Learn more about what a PLLC is and how it differs from an LLC.

 

Limited Liability Companies

Operating a business as a sole proprietorship or partnership exposes a business owner to personal liability for the debts of the business. Forming a corporation limits an owner's personal liability, but imposes certain formalities on management, as well as reporting and record-keeping requirements. The LLC was created to maintain the personal liability protection of a corporation while allowing for more flexible business management. A person with an ownership interest in an LLC is called a member.

An LLC also permits the business to choose how it will be taxed. An LLC with only one member can be taxed as either a sole proprietorship or a corporation. Similarly, an LLC with two or more members can be taxed as either a partnership or a corporation.

Limited liability companies are governed by state law. Some states do not allow certain licensed professionals to form LLCs. Some of those states have created the PLLC for those professionals. Some states only allow professionals to form corporations, which may be referred to as a professional corporation or professional service corporation.

Professional Limited Liability Companies

Regarding the management flexibility and taxation, a PLLC has the same advantages of an LLC. The difference between the two is that the PLLC has some restrictions on who may be a member of the PLLC and the limitation of liability of the members.

With an LLC, anyone can be a member, or owner, of the business. State PLLC laws often provide that only licensed professionals can be members, or that a certain number of members must be licensed professionals.

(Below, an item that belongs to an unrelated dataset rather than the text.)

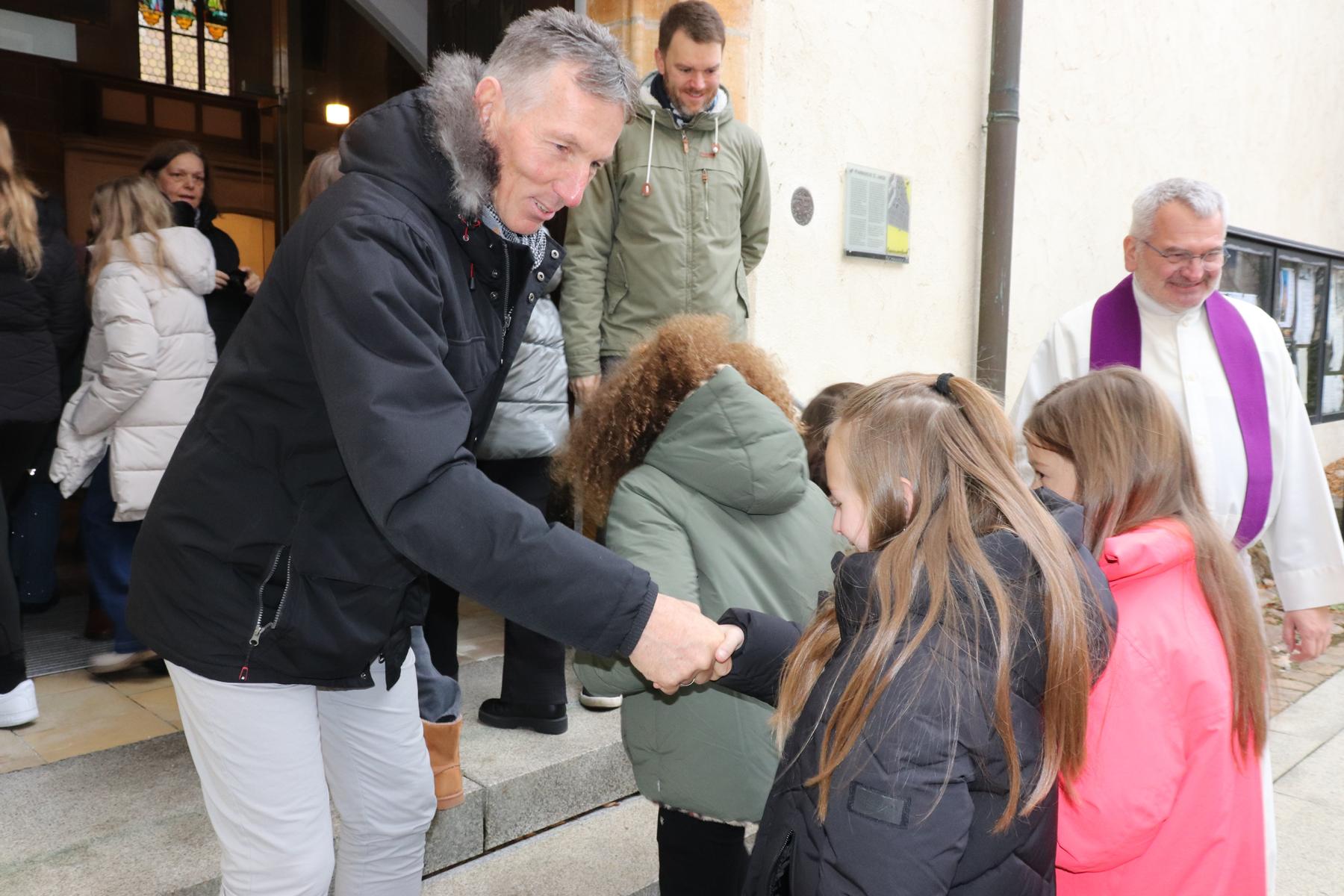 Zur Begrüßung gleich am Kirchenportal der Stadtkriche St. Jakob ein Lächeln mit Händedruck von Pfarrer Kalis, Herrn Moritz und Herrn Burger für jede und jeden.

A PLLC cannot be used to shield the members from claims for malpractice. However, the malpractice of one member cannot create liability for the other members.

Forming a PLLC

Your state law will determine whether you can form a PLLC, and set forth the requirements for formation. These requirements are found in the statutes that allow for a PLLC, but in some states the particular profession's licensing agency also has rules governing PLLCs.

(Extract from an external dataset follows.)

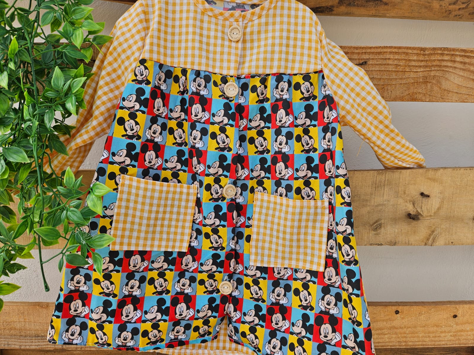 ¡La vuelta al cole será pura diversión con este encantador babi escolar! 🏫🌟 Con un alegre estampado de Mickey Mouse en el cuerpo del babi y un tejido de cuadros vichy en tonos mostaza y blanco en la parte superior, mangas y bolsillos, este diseño mezcla nostalgia, color y practicidad. ¡Ideal para los pequeños fans de Disney! 🐭❤️💛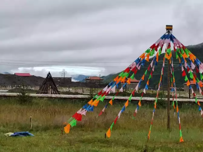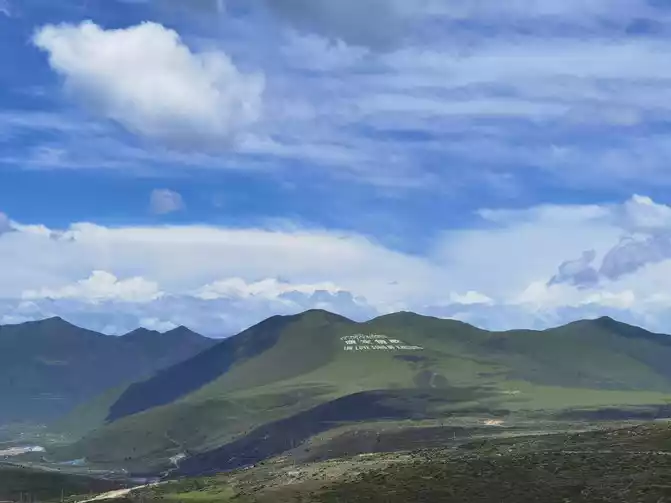 , everyone was in a much better spirit, maybe they had adapted to the plateau, so they began to carefully appreciate the surrounding environment, walked around the inn, and chatted with the boss for a while. This place is surrounded by mountains, and there is a monastery not far away, and on the meadow on the top of the mountain in the distance, there is a string of Tibetan Buddhist words, as if plants of different colors have been planted and then pruned. This is a characteristic of Tibetan areas, and in the next few days, we will see this way of writing on many mountaintops. The owner of the inn is also a monk, and he is the director of the nearby monastery. His house was converted into an inn. During festivals, gatherings of nearby villagers or monks in the temple are held here. So his kitchen is very large and there are a lot of tableware.

Some states list the professions that may form a PLLC. The list varies from state to state, but typically includes professionals such as physicians, dentists, attorneys, accountants, architects, engineers, veterinarians, real estate agents, and psychologists. The law in other states simply refers to "licensed professionals," without naming specific professions. Therefore, you will need to determine whether your state has PLLC laws that apply to your profession. The licensing agency for your profession may be able to help you make this determination.

A common requirement is that the name of the PLLC must clearly indicate it is a PLLC, but including the words "Professional Limited Liability Company," or the initials "PLLC" or "P.L.L.C."

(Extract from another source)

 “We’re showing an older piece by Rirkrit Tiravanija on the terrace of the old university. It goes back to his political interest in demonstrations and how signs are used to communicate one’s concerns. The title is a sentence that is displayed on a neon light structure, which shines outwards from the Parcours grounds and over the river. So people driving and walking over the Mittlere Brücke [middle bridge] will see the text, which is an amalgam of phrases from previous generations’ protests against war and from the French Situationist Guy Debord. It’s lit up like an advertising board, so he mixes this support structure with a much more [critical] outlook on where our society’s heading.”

Forming a PLLC will require that certain documents, such as Articles of Organization, be filed with the appropriate state agency. These documents will be tailored to a PLLC, but will be similar to those filed for an LLC, setting forth the name of the PLLC, the names of the members, etc. In addition, other documents may also be required to verify the members' licensing status. You may also need to file documents with your licensing agency.

If you are a licensed professional and plan to open your own office, either alone or with other professionals, you need to find out whether your state limits how you can structure your business. You may discover that you need to form a PLLC rather than a standard LLC.